A kaassoufflé (/nl/; lit. 'cheese soufflé') is a Dutch snack of melted cheese inside a thin dough-based wrap which has been breaded and then deep-fried. They are also popular in the Dutch-speaking part of Belgium.

== Overview ==
A kaassoufflé is thought to be influenced by Indonesian street food called gorengan (fritter). It is either bought ready-made frozen and deep-fried at home, or ordered at snackbars in the Netherlands, where it is one of the few vegetarian fast-food snacks available. At certain Dutch fastfood outlets, such as FEBO or Smullers, it is possible to purchase a kaassoufflé without having to order it at the counter; instead it can be had directly from an automatiek, a coin-operated vending machine. Kaassoufflé is also a popular snack to be served at a borrel, an informal Dutch gathering with drinks and snacks (the word "borrel" originally referred to a small glass in which distilled beverages, usually jenever, is served).
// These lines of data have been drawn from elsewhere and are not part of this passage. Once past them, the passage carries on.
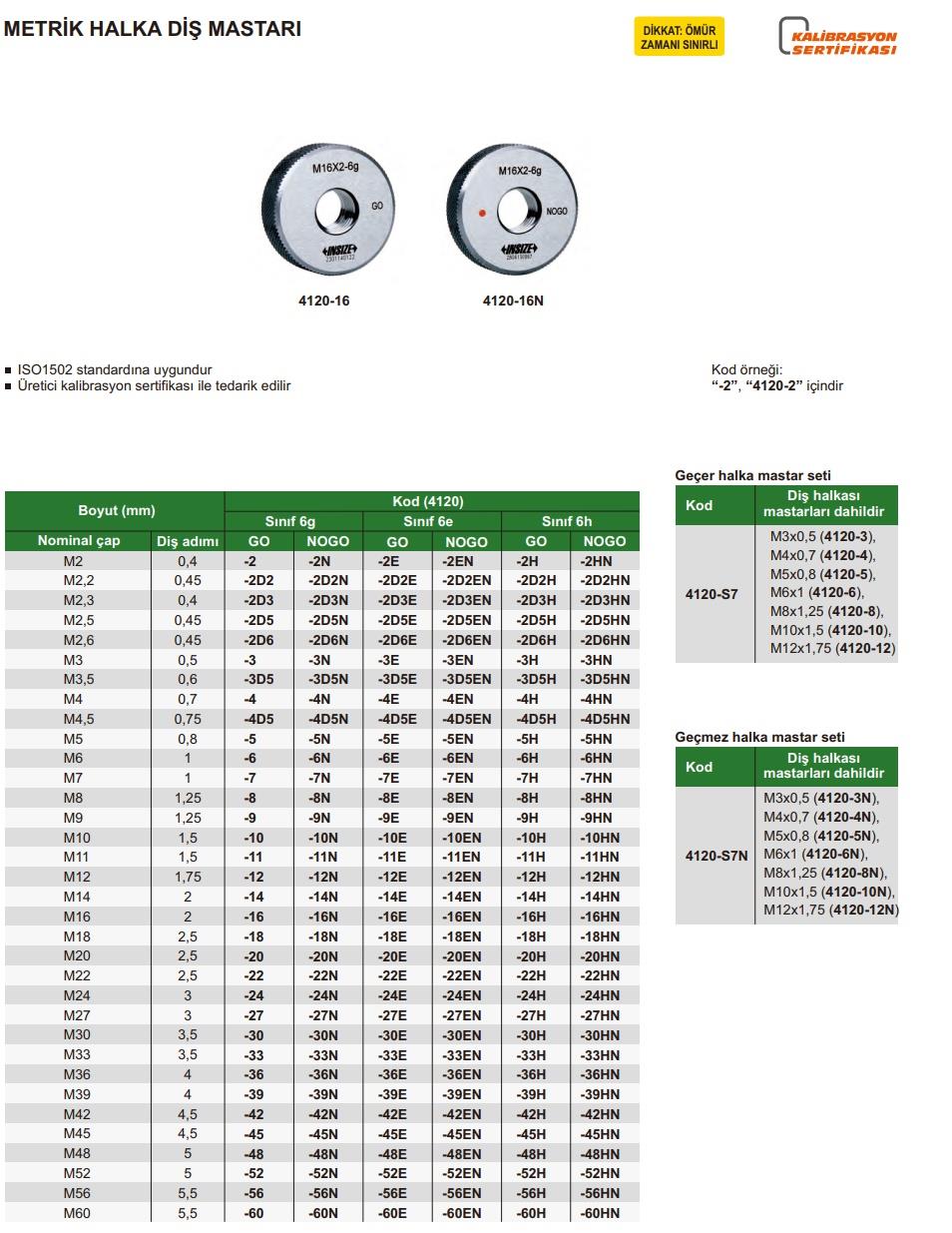 İnsize M39X4 Halka Vida Mastarı Kod: 4120-39EN
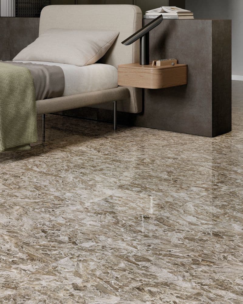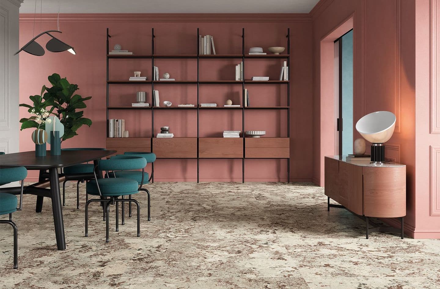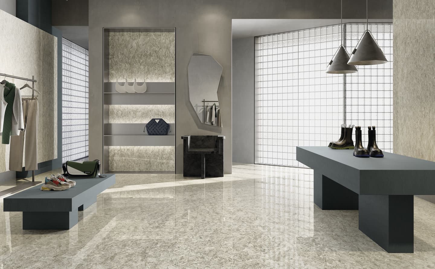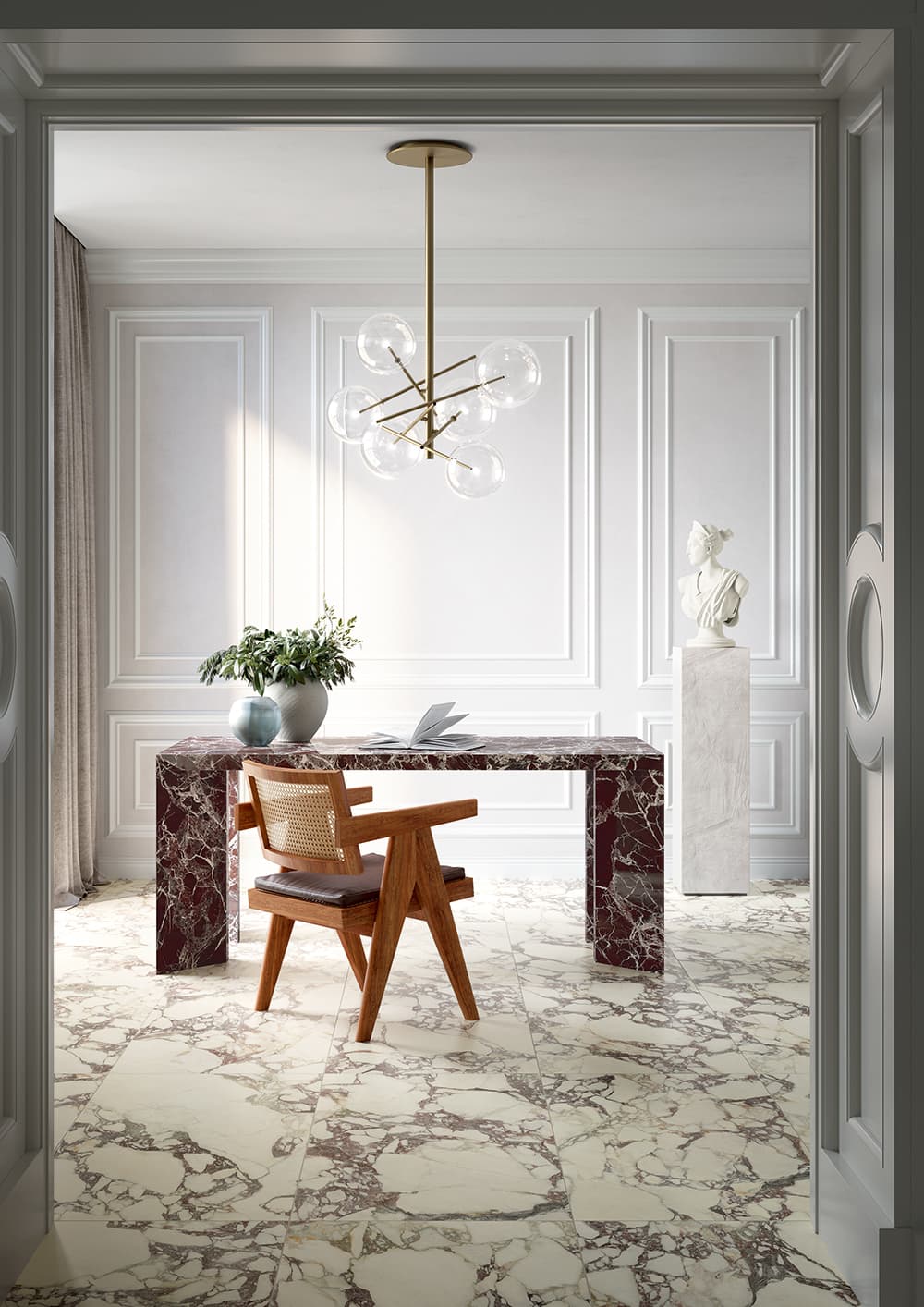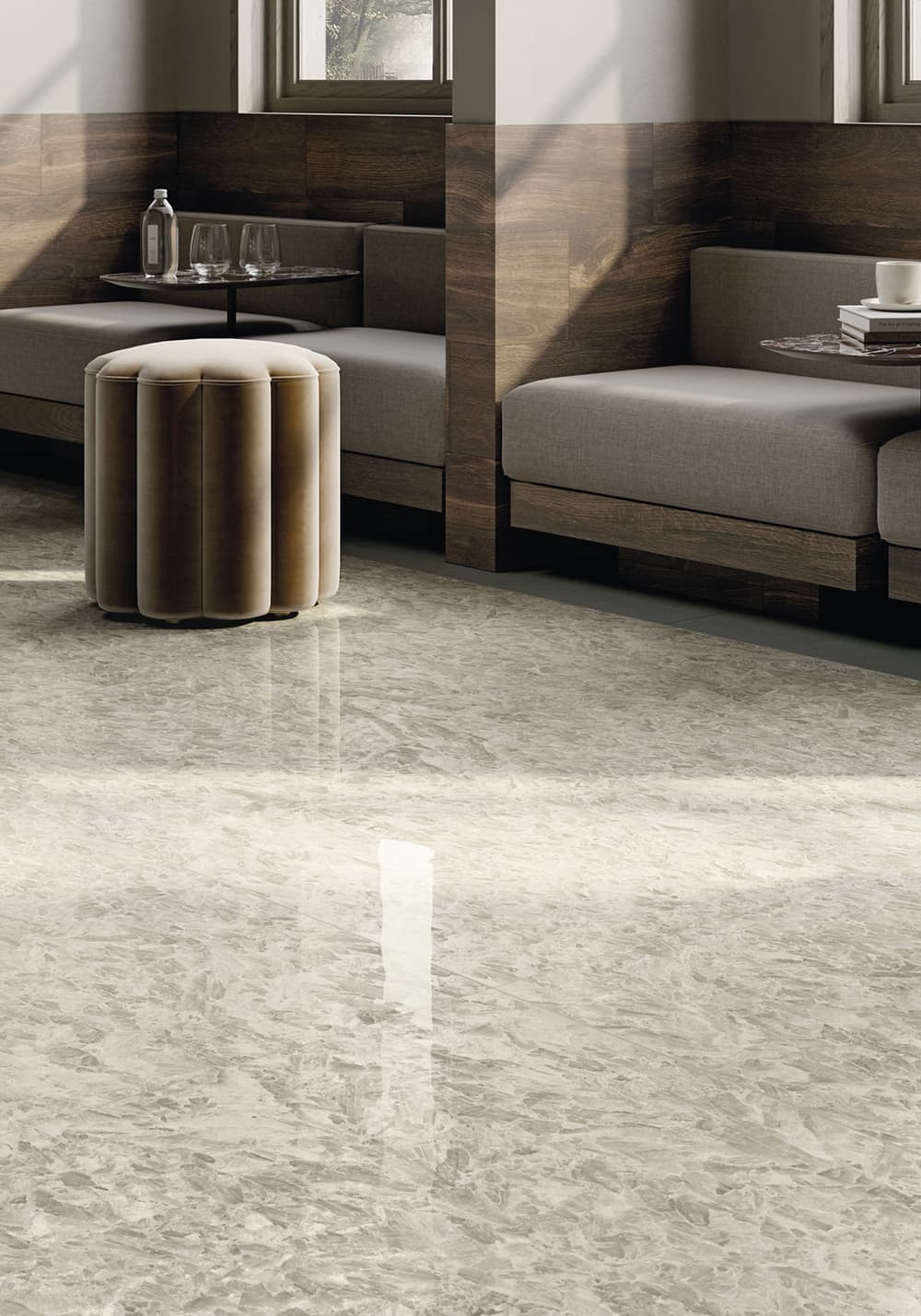 高い意匠性と機能性を兼ね備えた、大理石模様のタイルの中でも最も洗練されたシリーズ「マーブルラブ」に、新たなカラーバリエーションが加わりました。超大判6mm厚の「マルミマキシマム」と同色の組み合わせも可能で、空間に統一感をもたらします。新色の特殊面状(7120H・9180H)には、「Multi-Layer Technology(マルチレイヤーテクノロジー)」と「Dry Status Technology(ドライステイタステクノロジー)」という2つの革新的技術が採用されており、奥行きのある3Dテクスチュア効果とともに、天然石がもつ複雑な表情を精巧に再現しています。芸術的ともいえる美しいディテールと現代的かつ大胆なデザインは、空間に新たな印象を与えます。
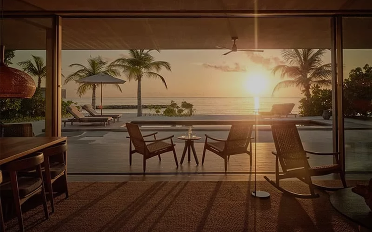 透过落地窗尽享马尔代夫日落的琥珀光辉,或在 9.6 米泳池与户外浴缸中尽情放松
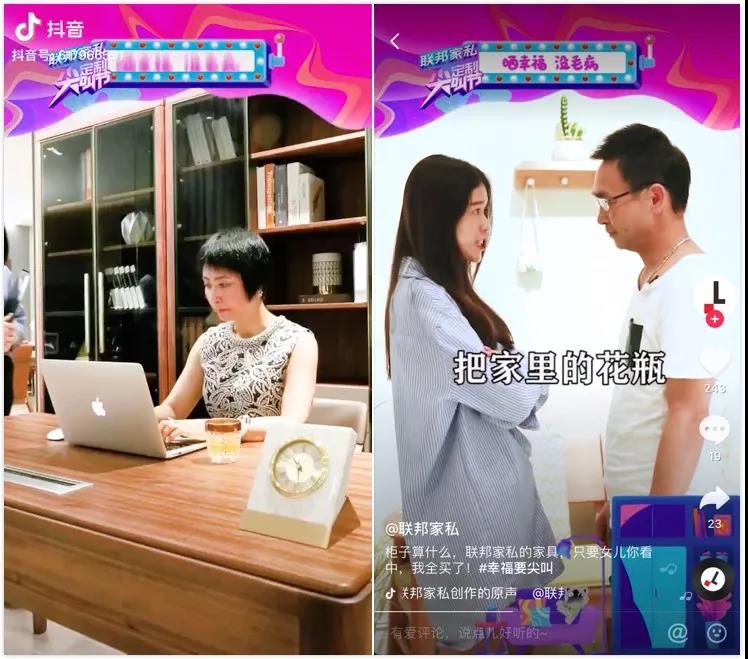 幸福源自生活日常,聯(lián)邦家私基于這樣的社會(huì)洞察以及對消費(fèi)人群心理的準(zhǔn)確把握,拍攝多條官方創(chuàng)意視頻、達(dá)人創(chuàng)意視頻。針對情侶、白領(lǐng)、孩童等不同人群特征,深挖其生活細(xì)節(jié)并予以戲劇化的故事演繹,將聯(lián)邦家私“打破焦慮、擊穿平淡”的核心品牌理念傳遞給圈層用戶。
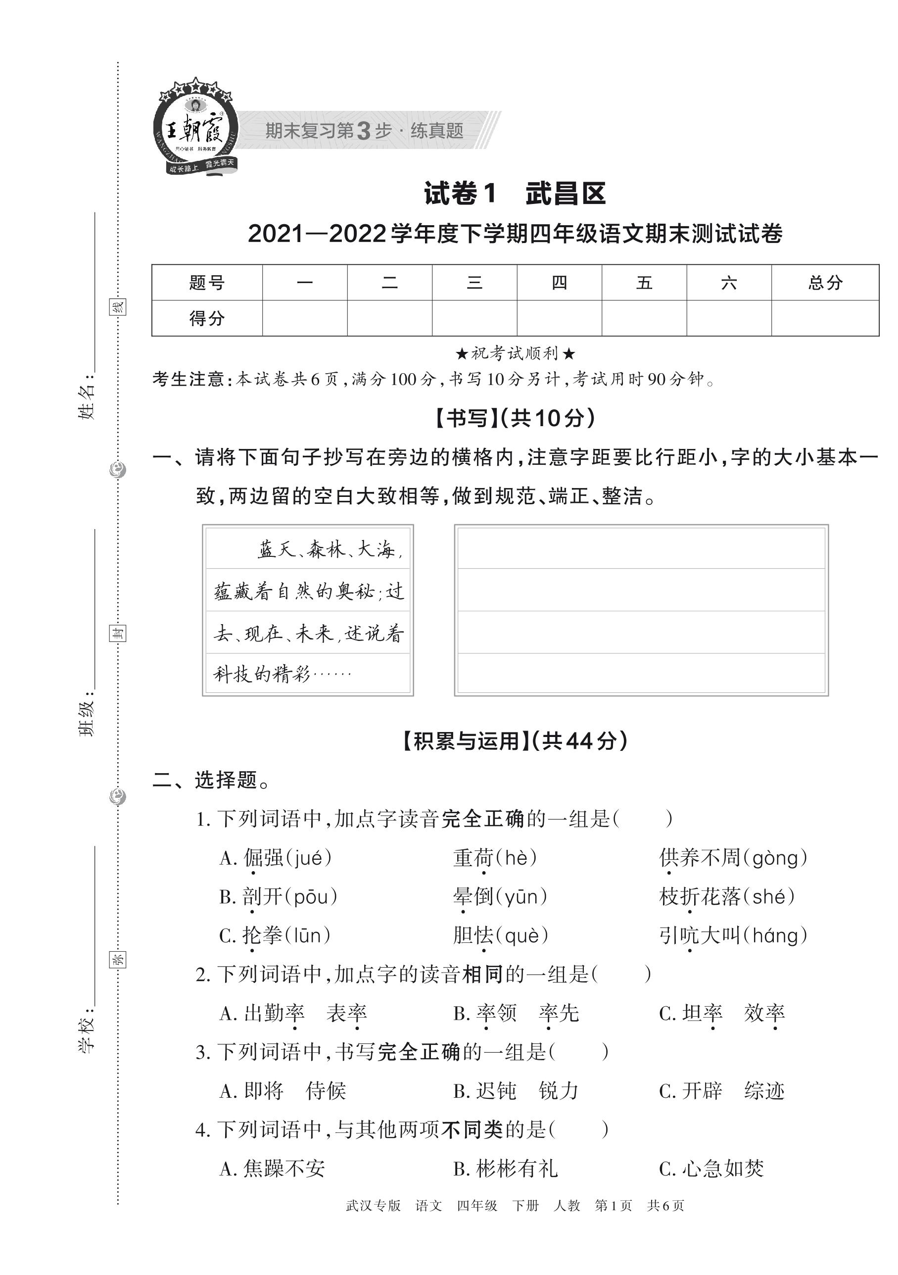 武昌区2021—2022学年度下学期四年级语文期末测试试卷(人教版)【1】
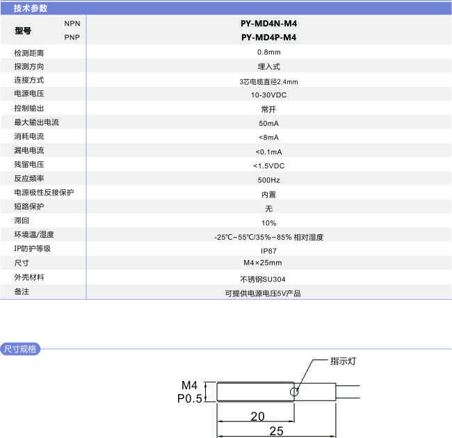 首頁 > 產品中心 >>傳 感 器 >> 接近開關 >> M4 圓柱型接近開關PY-MD4-M4
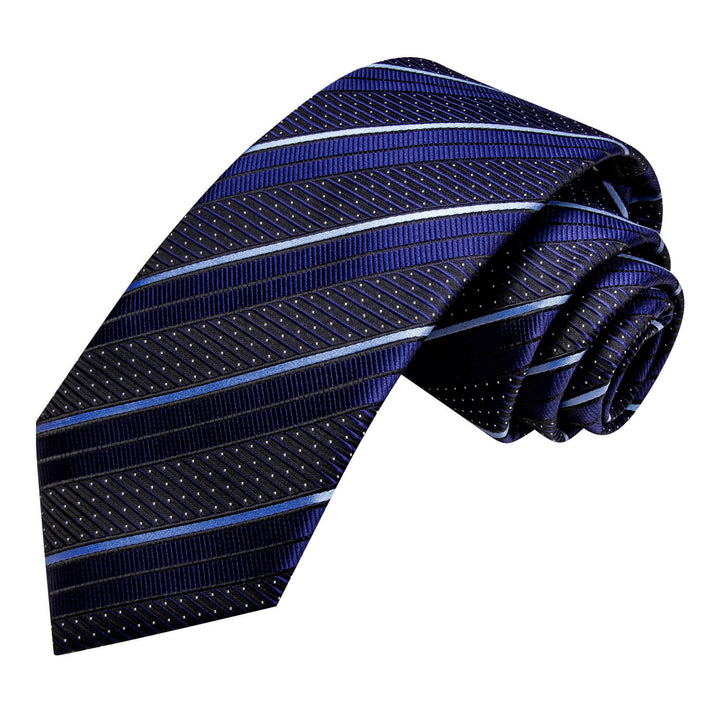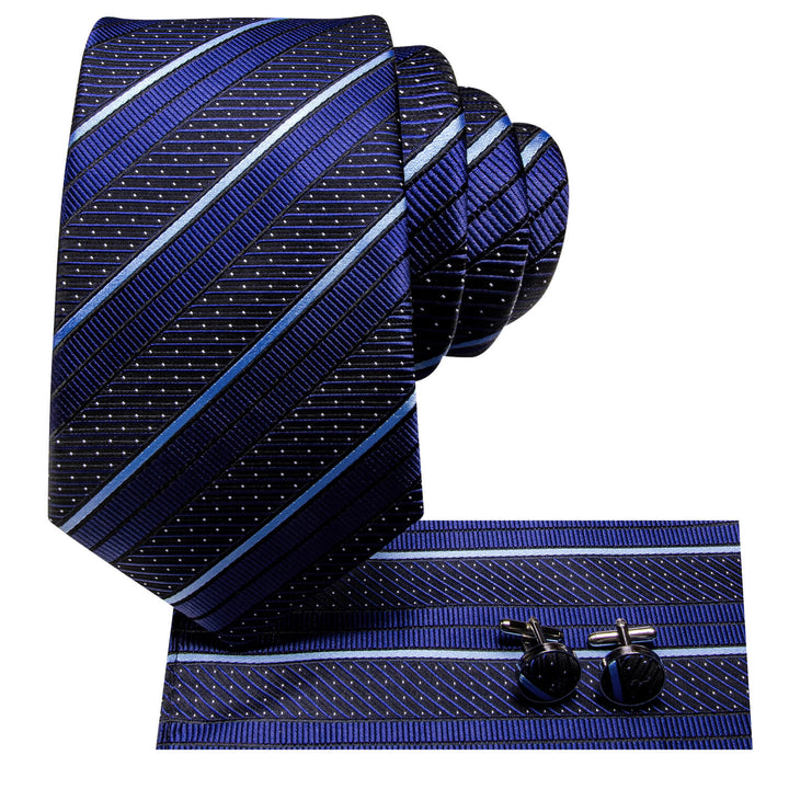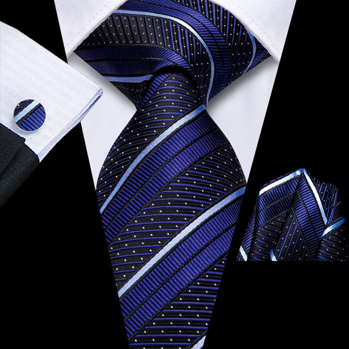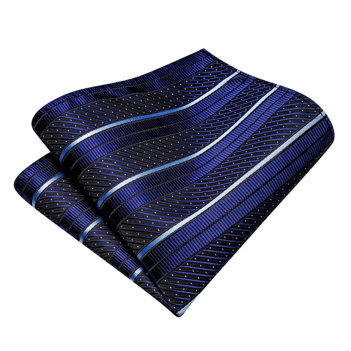 Ties2you Striped Tie Navy Blue White Silk Men's Tie Hanky Cufflinks Set
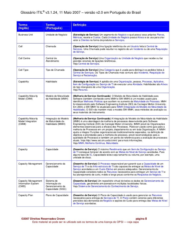 Glossario Itil V3 Em Portuges
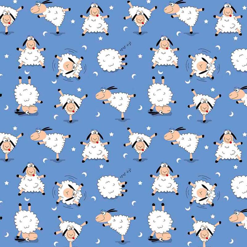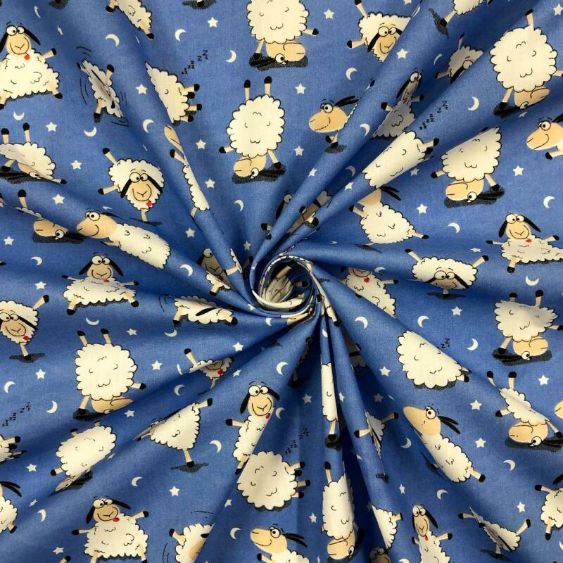 Tricoline Estampada - Ovelhinha Azul - 100% Algodão - 1,50M Largura - Variante 1

Typically this snack comes in two different shapes: either as a large rectangle measuring approximately 10 cm by 5 cm (4" by 2"), or shaped like a half moon of about 10 cm (5") in length. Smaller versions, called mini-kaassoufflés, are usually sold for consumption at home, or at the aforementioned borrel where they are usually eaten as part of a bittergarnituur, a selection of snacks to go with drinks. Kaassoufflés are not limited to having only a Gouda-like cheese as a filling. Additional flavourings can be added to the cheese, such as ham and spinach, or it can also be made with different types of cheese. Another variety of kaassoufflé is the oven-baked type. This is simply done by wrapping a slice of cheese, with or without additional spices, inside puff pastry and then baking it in an oven.

Although the name of this snack contains the word "soufflé", it has very little in common with a real soufflé which, indeed, can contain cheese and can therefore also be called a kaassoufflé in the Dutch language.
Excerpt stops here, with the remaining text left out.